In tumors, nutrient-deprived conditions strengthen the stromal-epithelial metabolic shares. Under glutamine restriction, patient-derived CAFs survive and undergo a metabolic reprogramming leading to an increase in glutamine synthesis. Enhanced glucose entry into the TCA cycle, along with amino acid (AA) and lactate intake, contribute to the carbon supply for glutamine synthesis, while the nitrogen donors are branched-chain amino acids, NEAA, and ammonia. Once secreted and taken up by ovarian cancer cells, glutamine rescues tumor growth by increasing expression of genes involved in cell cycle, fatty acid, and nucleotide synthesis (15). Under AA and pyruvate starvation, CAFs enhance the packaging of cargo metabolites into EVs to rescue prostate and pancreatic tumor cell survival (13). As metabolites present in CAF-EVs are in their active form, their impact on pancreatic cell proliferation is instantaneous and strong (e.g., exosomal metabolites contribute to one-third of the TCA cycle flux), but short term (16). Interestingly, the EV-metabolite supply is K-RAS-independent (13) suggesting that CAF-mediated metabolic remodeling may be a common trait of cancers.
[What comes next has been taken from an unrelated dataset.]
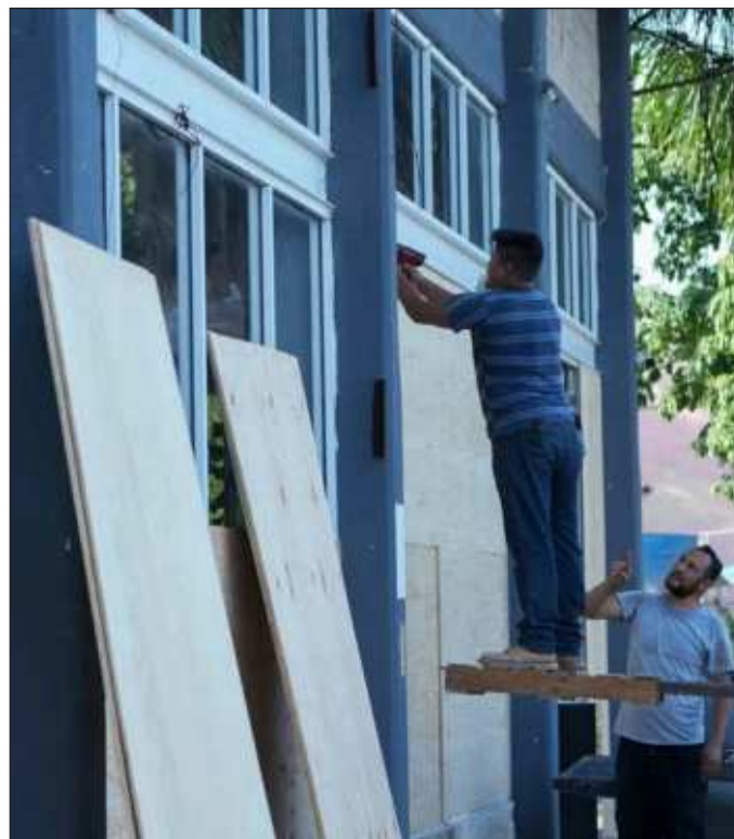
▲ Habrá quienes resulten afectados por el paso de Beryl (...) pero nos corresponde estar atentos a las indicaciones, para que un fenómeno natural no termine convirtiéndose en tragedia familiar o estatal.

Debe reconocerse, sin embargo, que la mayor parte de la población yucateca ya incorporó a su vida diaria alguna medida de prevención aplicable durante la temporada de ciclones. Hace falta todavía fomentar hábitos que fortalezcan una cultura cívica que implique dar aviso de pozos colectores obstruidos (y que estos no se tapen por la acumulación

In addition to metabolic dialog with stromal cells, tumors cells exchange diverse metabolites between one another, a phenomenon initially referred to as metabolic symbiosis. One of the most described processes of metabolic symbiosis relies on the potential of malignant cells to increase their glucose consumption and produce large amounts of lactate through aerobic glycolysis (the Warburg effect). In hypoxic tumors, such as PDAC, large amounts of lactate secreted by highly glycolytic hypoxic cells are taken up by normoxic neighboring tumor cells and promote their proliferation. Lactate thereby contributes to the metabolic symbiosis between both hypoxic and normoxic cellular compartments of the tumor (17) (Figure 1). In non-small-cell lung cancers, Faubert et al. showed that tumor cells also metabolize lactate, proving lactate’s contribution as a fuel of the TCA cycle exceeds that of glucose in vivo (18). Treatment of pancreatic neuroendocrine, breast and renal cancers with angiogenic inhibitors induces regionalization of these tumors into hypoxic and normoxic zones and force normoxic cells, in close proximity to hypoxic ones, to operate a metabolic symbiotic shift toward the use of lactate diffusing from hypoxic regions. Interestingly, lactate catabolism by normoxic tumor cells is branched to the glutamine metabolism through lactate-derived pyruvate transamination. This reaction allows the production of alanine and α-ketoglutarate, thereby fueling the TCA cycle (Figure 1). This symbiotic metabolism is dependent on mTOR signaling as treatments of tumors with a combination of angiogenic inhibitors and the mTOR inhibitor rapamycin suppresses lactate catabolism by normoxic cells. Normoxic cells switch their metabolism back to a more glycolytic phenotype to the detriment of hypoxic cells which are then devoid of bio-available glucose (19).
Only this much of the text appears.